The in-house watchdog said the department often failed to meet its legal obligations in fulfilling public information requests, finding delays and lack of oversight in producing records under the past five secretaries. Clinton's use of private email to conduct government business has dogged her Democratic presidential bid since it was revealed last year.

The report, which found lapses during the tenures of the past five secretaries, documented a request under the Freedom of Information Act from a government accountability group for records “sufficient to show the number of email accounts of, or associated with, Secretary Hillary Rodham Clinton, and the extent to which those email accounts are identifiable as those of or associated with Secretary Clinton.” The inquiry was prompted by the revelation that Environmental Protection Agency Administrator Lisa Jackson used email aliases to conduct government business.

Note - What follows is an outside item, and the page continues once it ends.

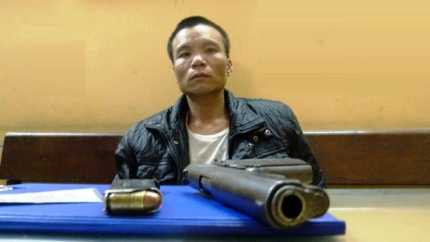 Cảnh sát thu được từ người đàn ông này khẩu súng quân dụng dạng K54, hộp tiếp đạn 6 viên, trong đó có một viên đã lên nòng.

After five months, the State Department told Citizens for Responsibility and Ethics in Washington that “no records responsive to your request were located” despite many members of the department corresponding with Clinton on her private address and “evidence that the Secretary's then-Chief of Staff was informed of the request,” according to the report. The report put these events under a section labeled “inaccurate and incomplete.”

Clinton used private email, which was once hosted on a server in her New York home, to send upward of 30,000 messages for government business. The revelation of the practice—which was strongly discouraged but allowed at the time—prompted a federal investigation into the security of her set-up, as well as criticism from allies and rivals.

The report also found that the Office of the Secretary's Executive Secretariat, which is responsible for searching its records for FOIA requests regarding the secretary of state and other senior officials, did “not consistently meet statutory and regulatory requirements for completeness and rarely meet requirements for timeliness.” The office did not routinely search emails for records responsive to requests, despite policy, and it lacked written policies, training for staff, and monitoring of compliance, according to the report.

“What happened under Mrs. Clinton was a complete upending of the FOIA law,” said Tom Fitton, president of the conservative government watchdog Judicial Watch, which made two of the three other requests documented in detail in the report.

The report went beyond Clinton, who served as President Barack Obama's secretary of state from 2009 to 2013. It found the department responded to just 14 out of 417 requests regarding the five most recent secretaries of state within 20 days, the amount of time specified by law. The report blamed many of the lapses on declining personnel at a time of rising demands but said the department had responded positively to all recommendations.

“The issues addressed in this report have the full attention” of current Secretary of State John Kerry and the department’s senior staff, State Department spokesman John Kirby said in an emailed statement.

“While the volume of State Freedom of Information Act requests has tripled since 2008, our resources to respond have not kept pace,” Kirby said. “That said, we know we must continue to improve our FOIA responsiveness and are taking additional steps to do so.”

A lawyer for Cheryl Mills, Clinton's State Department chief of staff, referred a request for comment to the campaign. Brian Fallon, a spokesman for the campaign, didn't immediately return a request for comment. Fallon told the Washington Post, “The Department had a preexisting process in place to handle the tens of thousands of requests it received annually, and that established process was followed by the Secretary and her staff throughout her tenure.”